[ENTRIES SUPPLIED]

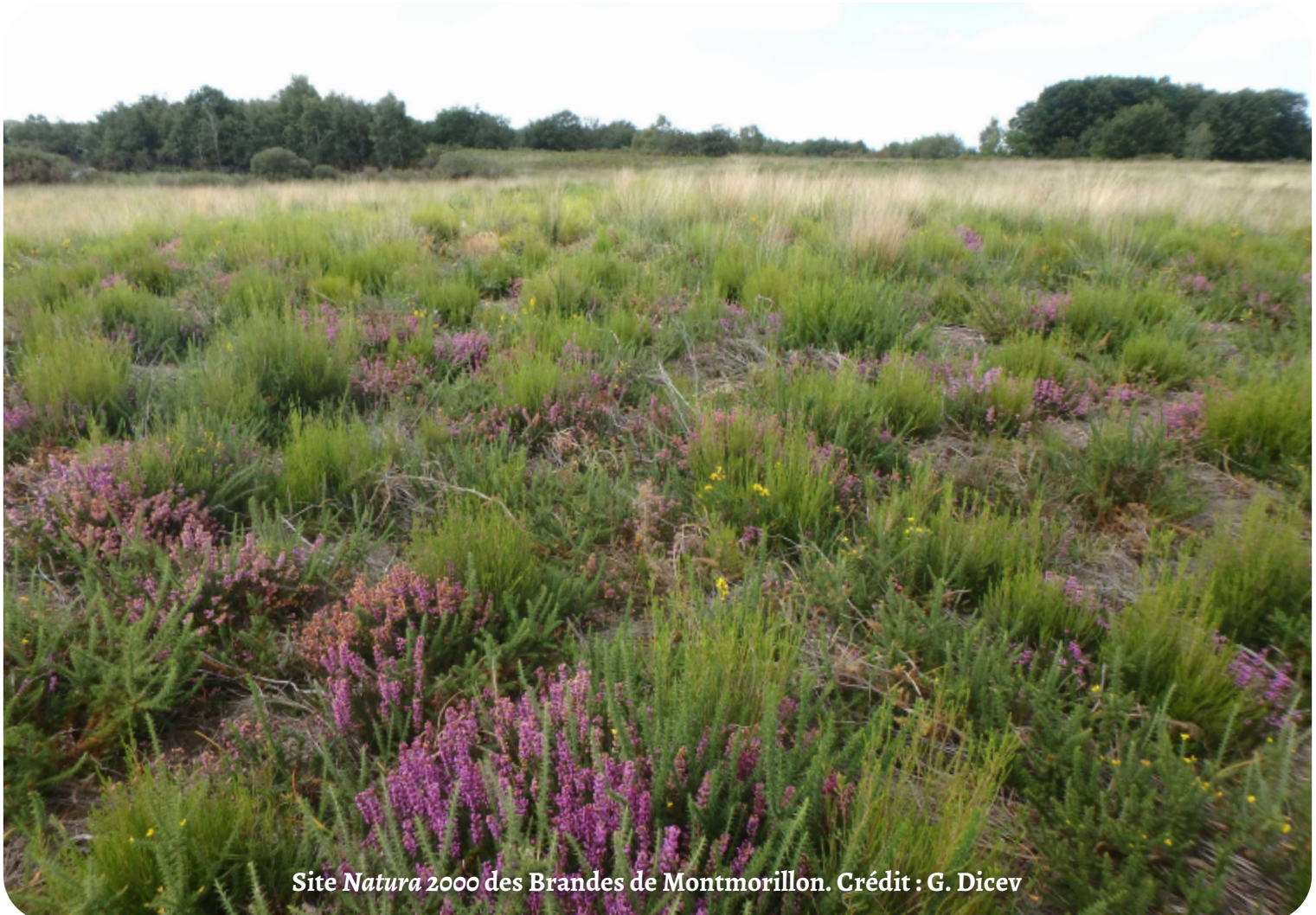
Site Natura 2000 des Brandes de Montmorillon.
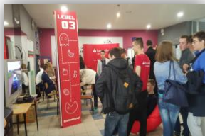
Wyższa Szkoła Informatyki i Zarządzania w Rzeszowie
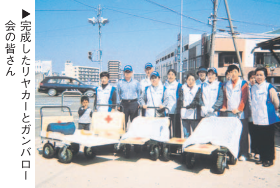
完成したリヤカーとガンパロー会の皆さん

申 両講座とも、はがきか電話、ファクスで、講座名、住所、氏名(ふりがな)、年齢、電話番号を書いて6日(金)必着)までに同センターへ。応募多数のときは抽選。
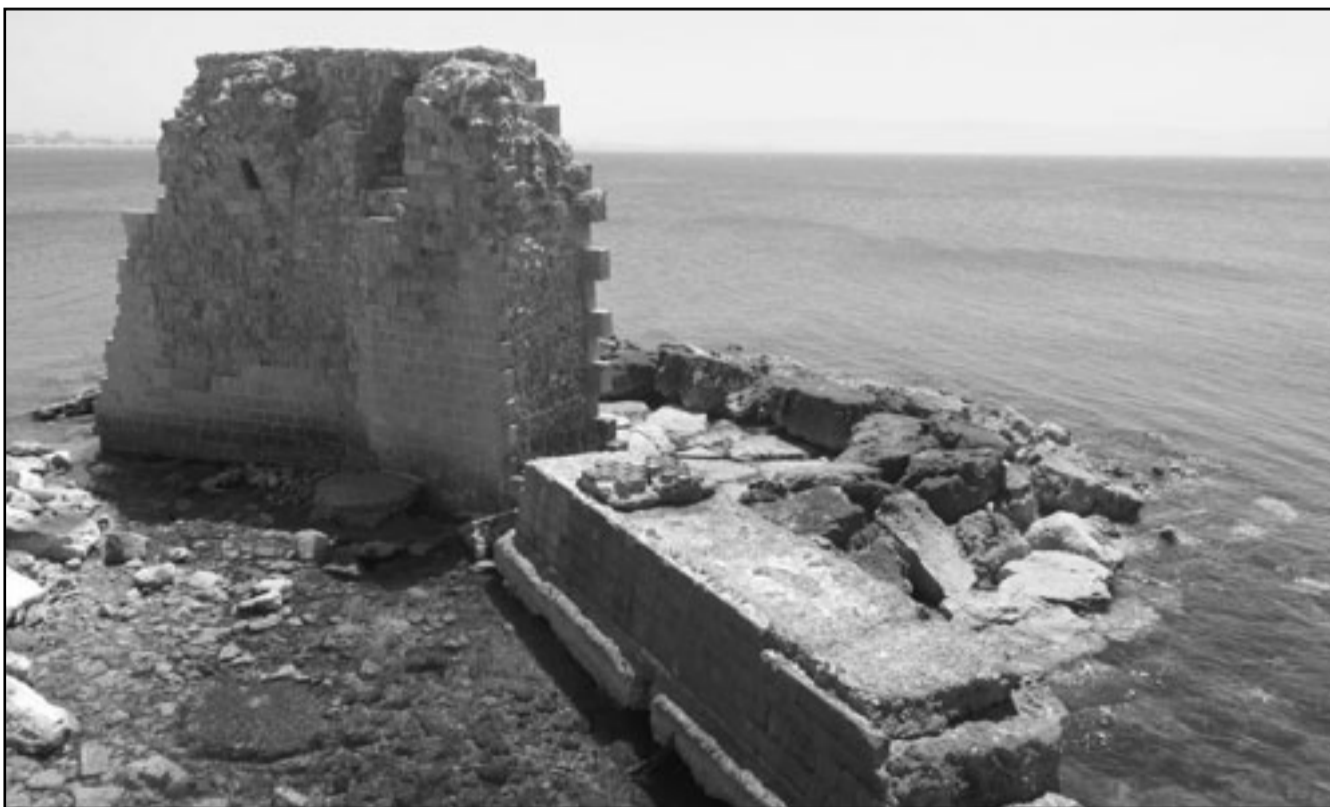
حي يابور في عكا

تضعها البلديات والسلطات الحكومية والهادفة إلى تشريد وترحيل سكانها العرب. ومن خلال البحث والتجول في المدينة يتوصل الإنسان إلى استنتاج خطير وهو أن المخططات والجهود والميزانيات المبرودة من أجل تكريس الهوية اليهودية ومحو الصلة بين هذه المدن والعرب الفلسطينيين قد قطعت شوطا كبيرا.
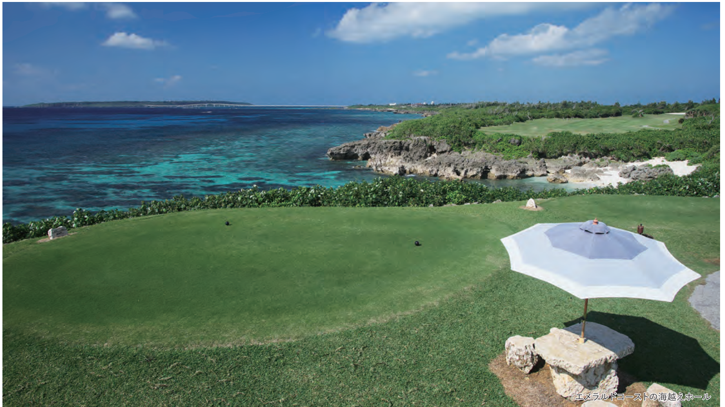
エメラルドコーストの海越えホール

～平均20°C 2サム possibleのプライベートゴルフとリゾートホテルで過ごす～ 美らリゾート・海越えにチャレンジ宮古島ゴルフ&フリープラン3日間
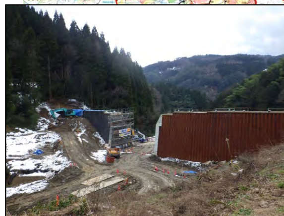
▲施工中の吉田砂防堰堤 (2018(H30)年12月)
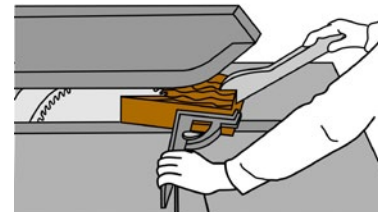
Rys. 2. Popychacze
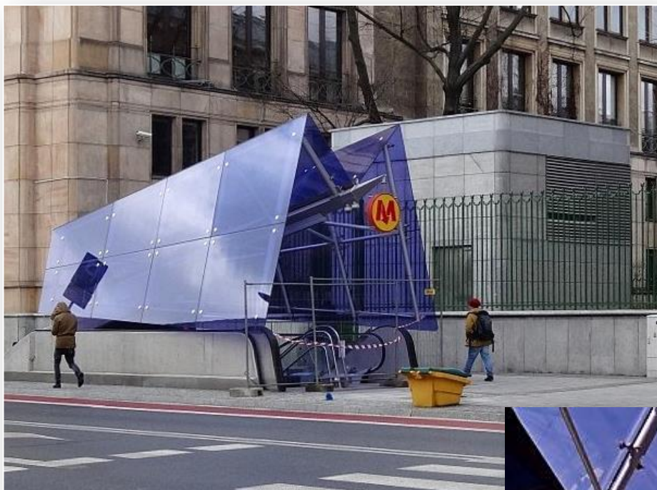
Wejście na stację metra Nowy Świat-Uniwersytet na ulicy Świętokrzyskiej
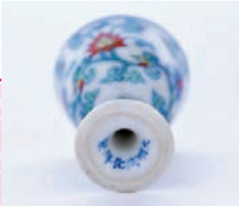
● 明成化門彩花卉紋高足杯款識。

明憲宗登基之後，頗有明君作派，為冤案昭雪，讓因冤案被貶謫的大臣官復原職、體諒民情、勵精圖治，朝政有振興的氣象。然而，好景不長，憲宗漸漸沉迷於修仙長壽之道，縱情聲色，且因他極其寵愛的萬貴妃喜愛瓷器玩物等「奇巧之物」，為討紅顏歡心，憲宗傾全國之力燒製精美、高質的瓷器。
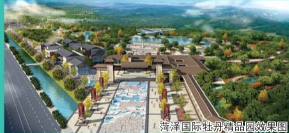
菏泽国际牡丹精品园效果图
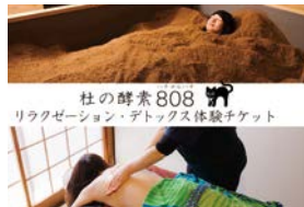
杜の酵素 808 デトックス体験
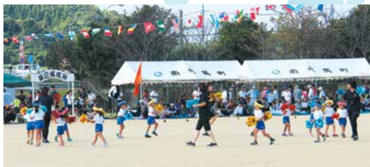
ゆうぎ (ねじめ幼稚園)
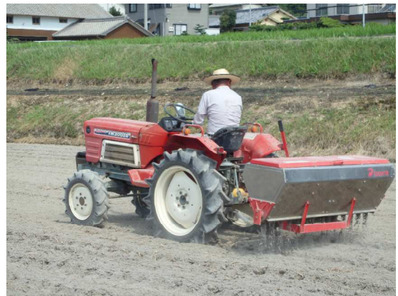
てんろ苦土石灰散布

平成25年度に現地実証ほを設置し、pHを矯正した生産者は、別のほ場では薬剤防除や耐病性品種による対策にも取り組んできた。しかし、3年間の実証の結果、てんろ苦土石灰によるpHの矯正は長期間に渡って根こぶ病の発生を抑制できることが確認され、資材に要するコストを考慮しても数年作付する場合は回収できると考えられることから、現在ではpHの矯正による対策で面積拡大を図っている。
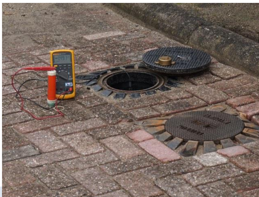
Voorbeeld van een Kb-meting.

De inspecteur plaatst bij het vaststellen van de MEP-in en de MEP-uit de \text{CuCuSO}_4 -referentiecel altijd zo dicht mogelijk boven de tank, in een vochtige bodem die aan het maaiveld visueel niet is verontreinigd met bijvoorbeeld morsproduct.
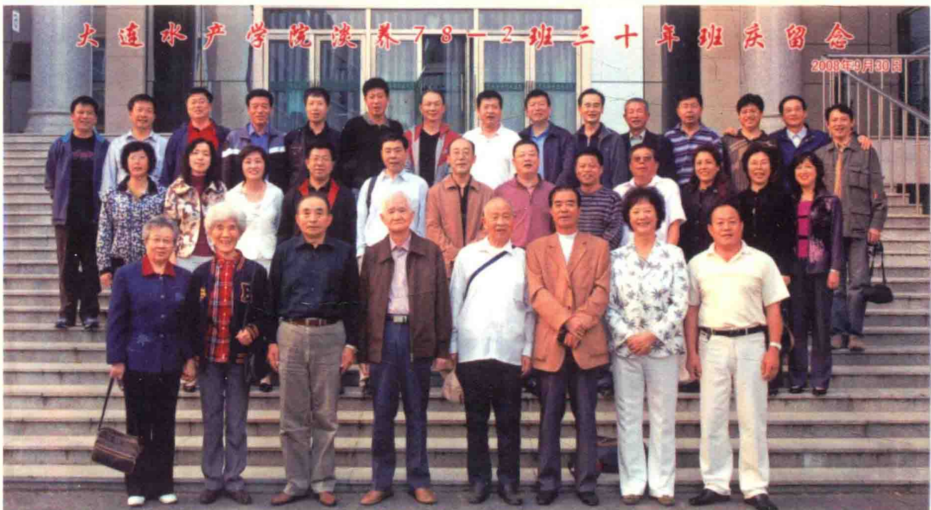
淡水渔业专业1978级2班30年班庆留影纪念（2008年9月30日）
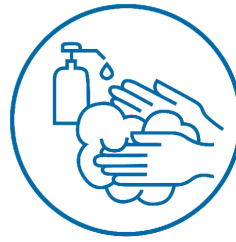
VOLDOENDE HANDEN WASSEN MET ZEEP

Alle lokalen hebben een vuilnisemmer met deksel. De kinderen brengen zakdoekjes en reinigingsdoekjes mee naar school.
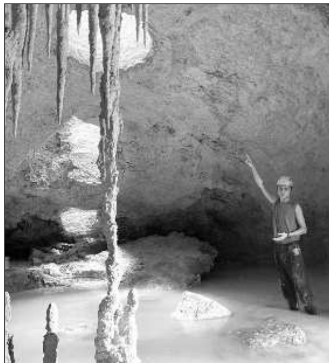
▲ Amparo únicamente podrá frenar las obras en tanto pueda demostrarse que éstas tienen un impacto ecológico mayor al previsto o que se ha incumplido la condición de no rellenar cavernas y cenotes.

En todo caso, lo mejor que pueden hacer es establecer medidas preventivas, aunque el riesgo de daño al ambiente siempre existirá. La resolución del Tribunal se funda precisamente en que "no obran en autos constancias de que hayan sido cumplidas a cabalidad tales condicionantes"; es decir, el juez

[/ENTRIES SUPPLIED]

- [TASK TO CARRY OUT]: After locating "エメラルドコーストの海越えホール" and "Voorbeeld van een Kb-meting." in the records above, return exactly the line holding each one and every line between them; leave out the pictures.

- [REPLY TO THE TASK]:
エメラルドコーストの海越えホール

～平均20°C 2サム possibleのプライベートゴルフとリゾートホテルで過ごす～ 美らリゾート・海越えにチャレンジ宮古島ゴルフ&フリープラン3日間
▲施工中の吉田砂防堰堤 (2018(H30)年12月)
Rys. 2. Popychacze
Wejście na stację metra Nowy Świat-Uniwersytet na ulicy Świętokrzyskiej
● 明成化門彩花卉紋高足杯款識。

明憲宗登基之後，頗有明君作派，為冤案昭雪，讓因冤案被貶謫的大臣官復原職、體諒民情、勵精圖治，朝政有振興的氣象。然而，好景不長，憲宗漸漸沉迷於修仙長壽之道，縱情聲色，且因他極其寵愛的萬貴妃喜愛瓷器玩物等「奇巧之物」，為討紅顏歡心，憲宗傾全國之力燒製精美、高質的瓷器。
菏泽国际牡丹精品园效果图
杜の酵素 808 デトックス体験
ゆうぎ (ねじめ幼稚園)
てんろ苦土石灰散布

平成25年度に現地実証ほを設置し、pHを矯正した生産者は、別のほ場では薬剤防除や耐病性品種による対策にも取り組んできた。しかし、3年間の実証の結果、てんろ苦土石灰によるpHの矯正は長期間に渡って根こぶ病の発生を抑制できることが確認され、資材に要するコストを考慮しても数年作付する場合は回収できると考えられることから、現在ではpHの矯正による対策で面積拡大を図っている。
Voorbeeld van een Kb-meting.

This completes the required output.